Scientists at Pune’s Indian Council of Medical Research – National Institute of Virology were able to detect the presence of IgG antibodies against Nipah virus infection (NiV) in 51 bats that were captured from Karnataka, Kerala, Tamil Nadu and Puducherry.
Nipah virus (NiV) is one of the priority pathogens with a pandemic potential. Though the spread is far slower than SARS-CoV-2, case fatality is the biggest concern. The sudden emergence of Nipah in Kerala, during 2018–2019 has been astonishing with respect to its introduction in the unaffected areas, scientists said.
The fruit bats of genus Pteropus are identified to be the main reservoir of the Nipah virus causing annual outbreaks in Malaysia, Bangladesh and other countries in South-East Asia including India. However, three incidences of NiV infections in humans in Kerala which is far distant from the known “Nipah belt” in consecutive years with no identified intermediate animal host or confirmed mode of entry into human population warrants the heightened need of constant surveillance of NiV in bats, animals and humans, researchers with ICMR-NIV said.
The sequence analyses showed its deviation from the NiV strains from Bangladesh and northeastern region of India. Analysis of NiV N gene sequences from the new hotspots in Kerala also suggested the presence of a new genotype independently evolving in southern India. Hence, knowledge of the distribution and movement patterns of bat species that act as the reservoir hosts of Nipah virus was necessary to identify the regions at risk, and possible events of spillover, scientists added.

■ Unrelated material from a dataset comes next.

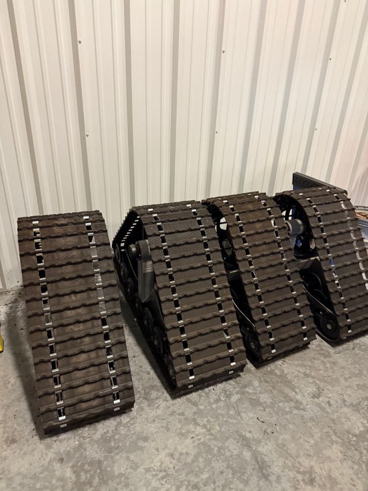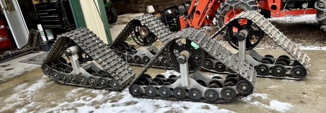Set of 4 (Front and Rear) Dominator XL tracks with HP bogie upgrade 6 x 5.5 bolt pattern with spacers. New in 2017 used twice. Once to test on dirt and the other thru several feet of wet drifted snow to off grid house in Spring 2017. No snow in 2018 so they weren't used at all. This year, neighbor got his D-9 Cat running like a champ and will be plowing the road.
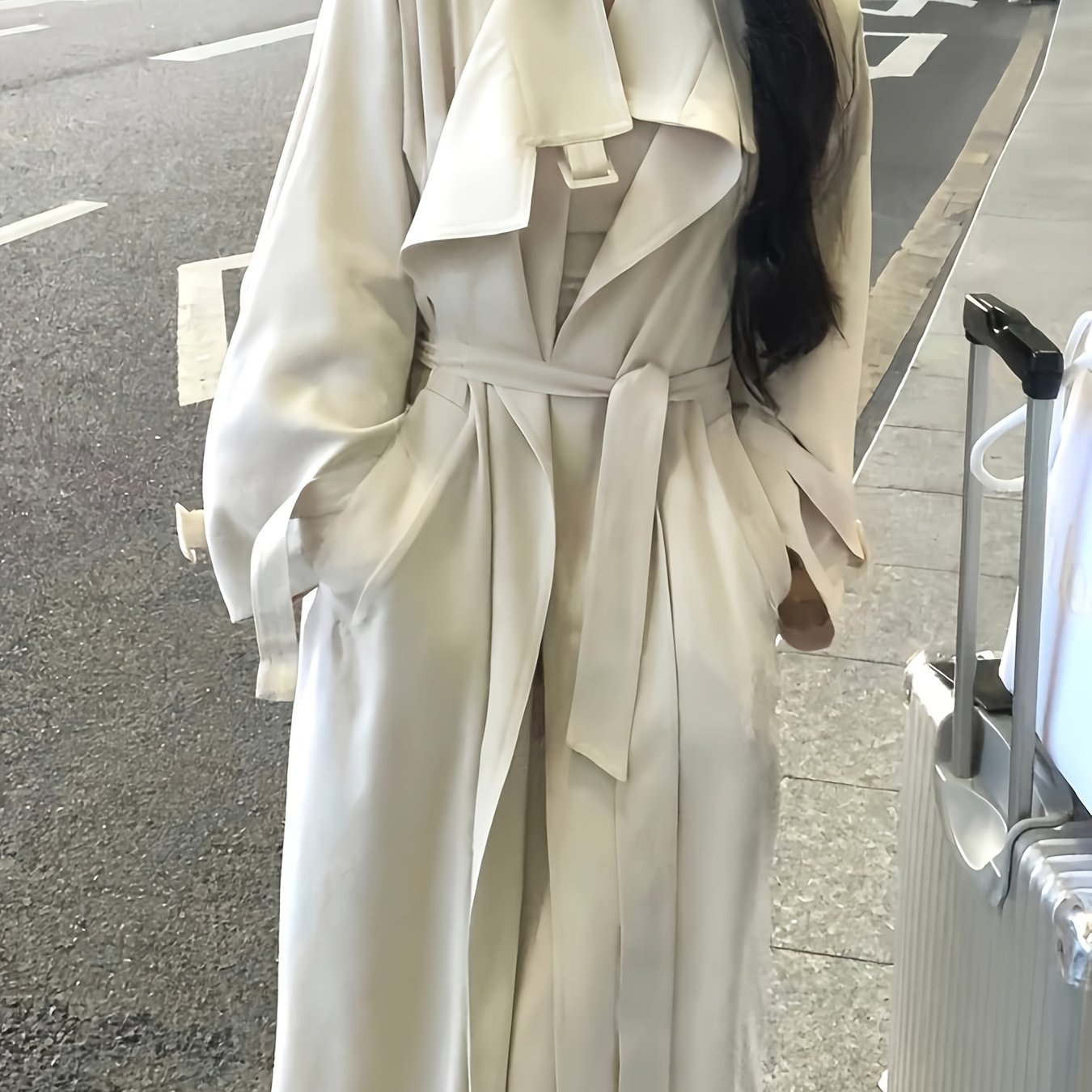 TEMU 여성 데일리 통근 더블 카라 벨트 루즈핏 롱 트렌치코트 블랙 카키 캐주얼 폴리에스테르 봄 가을 야상 데이트 롱 점퍼 겉옷 상의 코디 코트

Considering all these factors, a countrywide survey of Nipah virus in Pteropus bats was undertaken. The aim was to determine presence of NiV activity in bat populations in southern states and union territories which are geographically close to the new hotspot of NiV and a state (Odisha) bordering West Bengal in the southeast.
Scientists Mangesh Gokhale, A B Sudeep, D T Mourya, Pragya Yadav and others have published the findings of this study in a letter to editor titled `Serosurvey for Nipah virus in bat population of southern part of India’ in Comparative Immunology, Microbiology and Infectious Diseases recently.

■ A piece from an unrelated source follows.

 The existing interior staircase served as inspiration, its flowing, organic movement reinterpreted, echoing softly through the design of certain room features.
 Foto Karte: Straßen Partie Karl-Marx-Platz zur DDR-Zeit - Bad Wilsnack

A total of 573 throat swabs/rectal swabs of P. medius (n = 541) and R. leschenaultii bats (n = 32) and blood samples of P. medius bats (n = 255) were collected from Telangana, Kerala, Karnataka, Tamil Nadu, Odisha and Puducherry during January-November 2019. Throat/rectal swab specimens of P.medius and R. leschenaultii bats were found negative for the Nipah virus infection.
However, anti-NiV IgG antibodies were detected in serum samples of Pteropus bats collected from Karnataka (24/76), Kerala (18/113), Tamil Nadu (7/26) and Puducherry (2/21). High antibody prevalence of 20 percent was detected in Pteropus bat species according to the study. Anti-NiV IgG antibodies couldn’t be detected in Pteropus serum samples collected from two sites in Dhenkanal, Odisha.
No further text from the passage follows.